In January of 2006, the Supreme Court of Vermont was asked to rule on a tricky question about the reinstatement of coverage under an automobile insurance policy. The plaintiff in the suit argued that her insurance company was responsible for covering a loss that occurred after her automobile insurance policy had expired because the company was aware of the loss when it offered to reinstate her policy retroactive to the expiration date.
Even though the insured received a renewal notice a month before the policy expiration date, she failed to pay her renewal premium on time. Consequently, the policy expired on August 13, 2003. Three days later, the insured’s car was in an accident and sustained major damage. The insured reported the accident to her insurance agent on August 18, 2003. She was told that same day that coverage was denied because the policy had expired.
However, the insured also received a “Final Notice” dated August 18, 2003 generated by the insurer’s computer system. The notice stated that the insured could reinstate the policy back to 8/13/2003 if she paid her premium by August 31, 2003. The insured paid the premium and the insurance company sent her an “Acknowledgment of Late Payment,” stating that the coverage under the policy had been reinstated and remained in force without interruption.
On August 27, 2003, the insured re-submitted her claim for the August 16th accident. In a letter dated August 29, 2003, the insurer denied coverage for the accident. The company said that the reinstatement of the policy did not provide coverage for the accident, and that the policy covered only unknown losses. The letter also stated that the previous denial of coverage had never been withdrawn.
The insured sued, saying that the insurer wrongfully refused to provide coverage for the accident. Her contention was that the insurance company could have withdrawn or changed its offer to reinstate coverage concerning the accident that occurred after the policy had lapsed, but it never did. The court that presided over the trial ruled in favor of the insurance company, finding that while an insurer may decide to cover a loss already known to it, there was no evidence that this insurance company made that decision.
The Vermont Supreme Court affirmed the decision in favor of the insurer. It stated that the insured could not show that the insurer was required to cover the accident because of its offer to reinstate her policy. In response to the insured’s argument that it was implied that the insurer had waived its right to deny the claim when it made the renewal offer, the Court noted that the offer to reinstate did not demonstrate any intention to reverse the previous refusal of coverage. It also added that the plaintiff couldn’t prove any change on the part of the insured’s position based upon its actions.
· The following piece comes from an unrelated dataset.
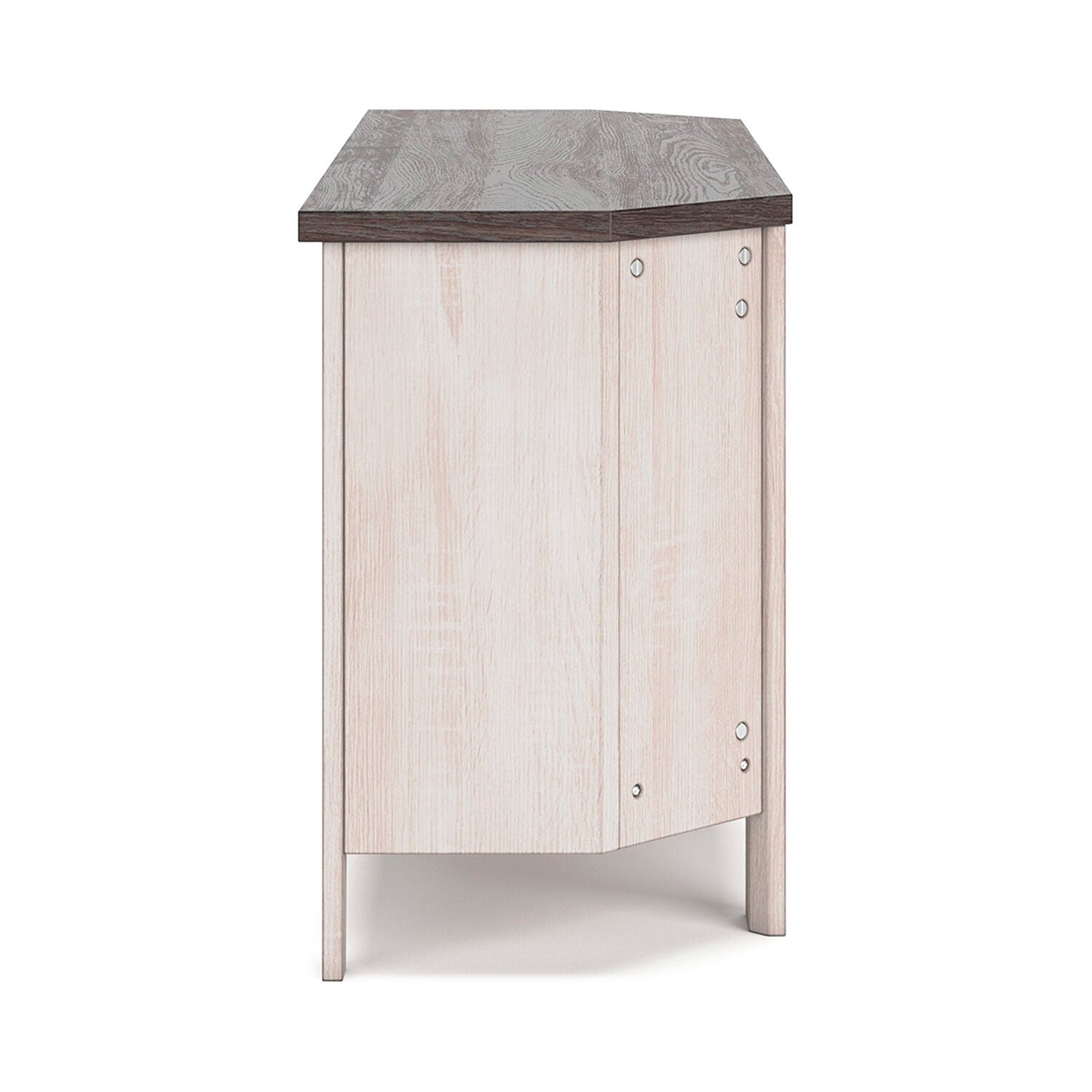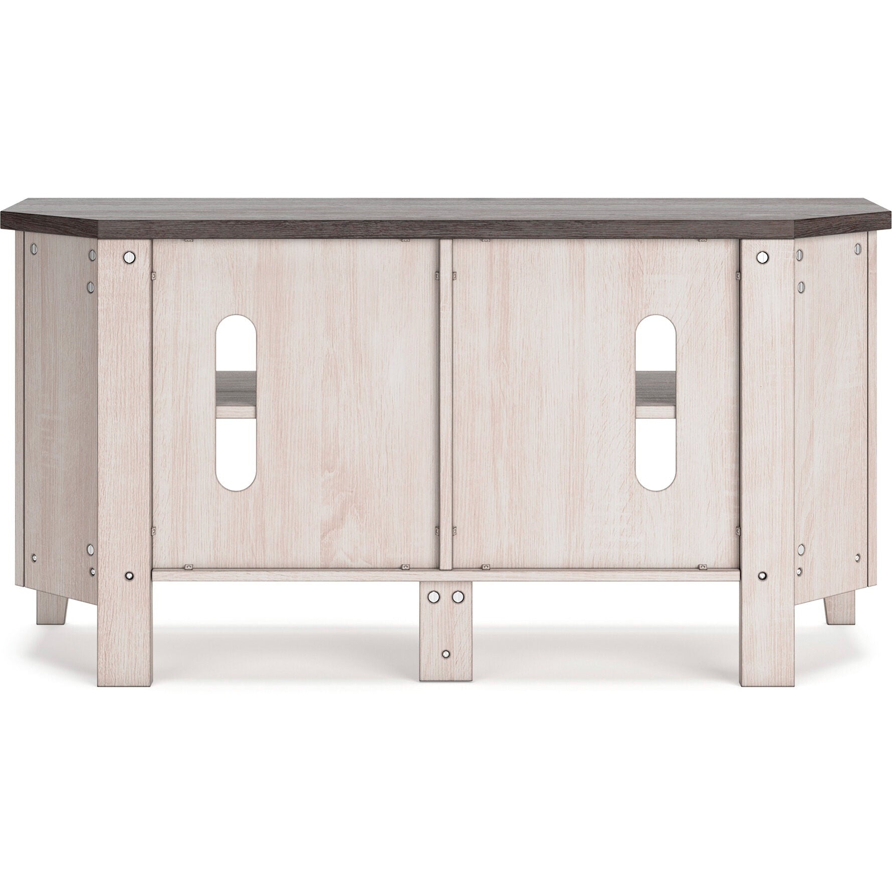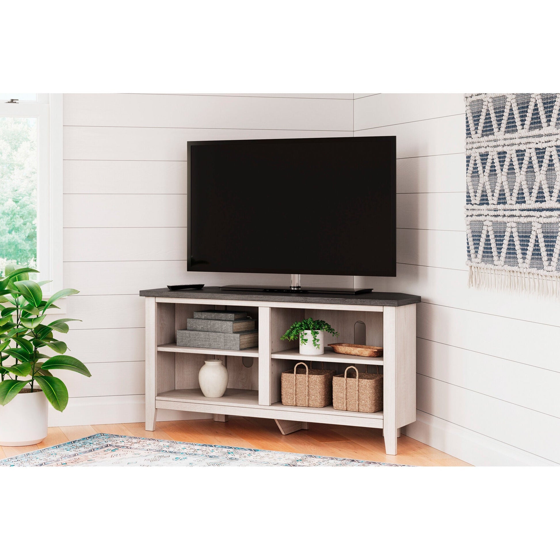 With its minimalist charm, this TV stand is right in tune with your relaxed approach to high style. Beautifully shaped to nestle into any corner, it's well equipped with a flexible open-concept design and cutouts for wire management that enhance the clean-lined aesthetic. The look is ideal for modern farmhouse and contemporary settings.

The Court concluded that the insurer’s actions in this case were unmistakable in denying coverage for the claim. With regard to the insurer’s argument that insurance does not apply to losses that have already occurred, and that it was providing insurance coverage for future risks, the Court stated that this was somewhat inapplicable given the insurer’s prompt and proper denial of coverage without any change in that position.
In fact, it was this unwavering declining of coverage on the part of the insurance agent and company that seems to have been the controlling factor in the case. Regardless of the insured’s assertions to the contrary, the Court found nothing that suggested the insurer’s conduct would have led the insured to believe that she had coverage for the accident.